REM ONE: More will be revealed

Brian "B-RAiN" McCall (from left), Frank "REM ONE" Morgan and Joe Nester.

Brian “B-RAiN” McCall lived in Maryland, came from a background of addiction, was centered in recovery and was trying to make it as a hip-hop artist as well. The two formed a fast friendship, and eventually an entire community of recovering artists began to coalesce around them: Nester, KC Makes Music, Colicchie, REM ONE and B-RAiN are part of a collective known as “We Are Cloudgang,” and together, they’ve made powerful waves.

From touring together to lifting one another up — McCall brought Morgan along when the former got an opportunity to open for rap superstar (and recovery icon) Macklemore — they’re professional colleagues, but that takes a backseat to their recovery.

“Me and B, we’re partners now,” Morgan said. “We meet each other in the parking lot and just sit down and talk. If I know he’s depressed, I’ll call and say, ‘Let’s take a ride,’ and when I’m feeling that way, he does the same thing with me. We’re both in recovery, and we make an incredible, incredible team. When this is over, we’re going to hit the ground running.”

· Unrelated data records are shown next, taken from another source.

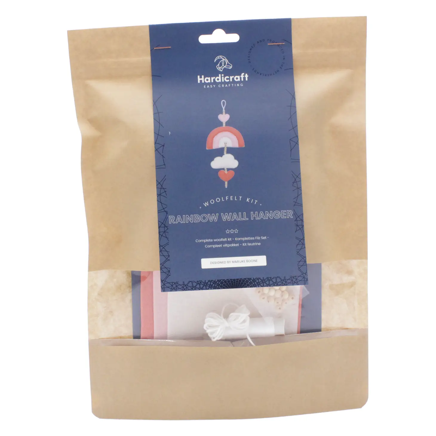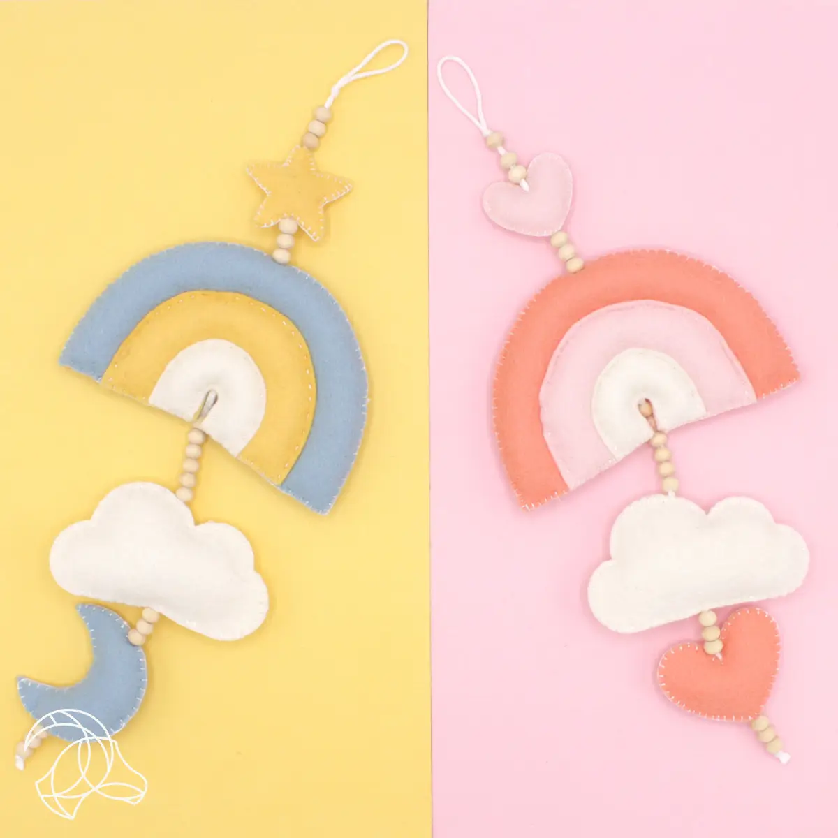 Decore o quarto do seu bebê ou criança com este colorido e alegre penduricalho de parede Rainbow. Ideal também para brinquedo do seu bebé. Este pacote contém um padrão, feltro de lã de alta qualidade, recheio e todos os suprimentos necessários para começar. Graças às instruções claras e multilíngues e aos desenhos de trabalho, qualquer pessoa pode agora fazer esta linda criação de feltro! O cabide de parede tem aproximadamente 24 cm de altura.
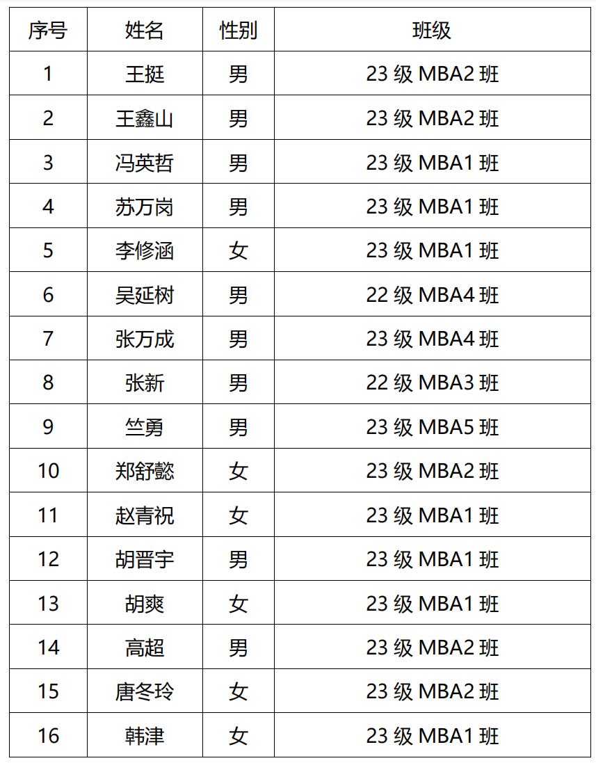 桂林理工大学第五届MBA联合会岗位竞聘将于2023年12月14日 (周四)晚7点于2138CC太阳集团7213会议室举行。现将报名参加MBA联合会岗位竞聘的学生名单公布如下(以姓氏笔画排序):
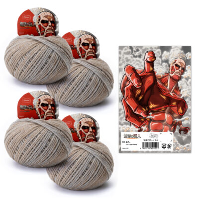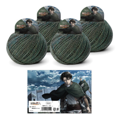 物語のキーアイテム、「エレンが巻いてくれたマフラー」(4玉使用)をイメージした作品が編める毛糸3種(エレン/リヴァイ/巨人)
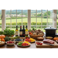 Свежие сезонные ингредиенты и вино к блюдам на кулинарном мастер-классе в Айхтале.

Not that Morgan has slowed down. In 2018, he released the seven-song EP “Chapter One: Incunabula,” a lean collection that floats on soulful, languid beats that give everything he does an undeniable groove. This year, he’s released three singles, all of which are distinctively different, breaking new ground and leaning in new directions — from the hiccupping bounce of “Monologue” to the seductive purr of “Love You” to the Eminem-style machine gun spray on “Payroll.” Combined, they prove that as REM ONE, the only limits Morgan has are the ones he places on himself.

“I’m going to get back into the studio as soon as humanly possible,” he said. “I have probably seven songs ready to go, and another five I’m working on, and I’m ready to record, as soon as this is over. It’s just a lot of planning, and I’m on a FaceTime chat with these guys at least once a week.

“We can’t let this virus stop the grind or stop the movement, because it helps so many people. And selfishly, when I write the music, it’s for me. It’s my therapy. To be able to perform it and share it comes from a place of, this is what I do to stay clean and give back.”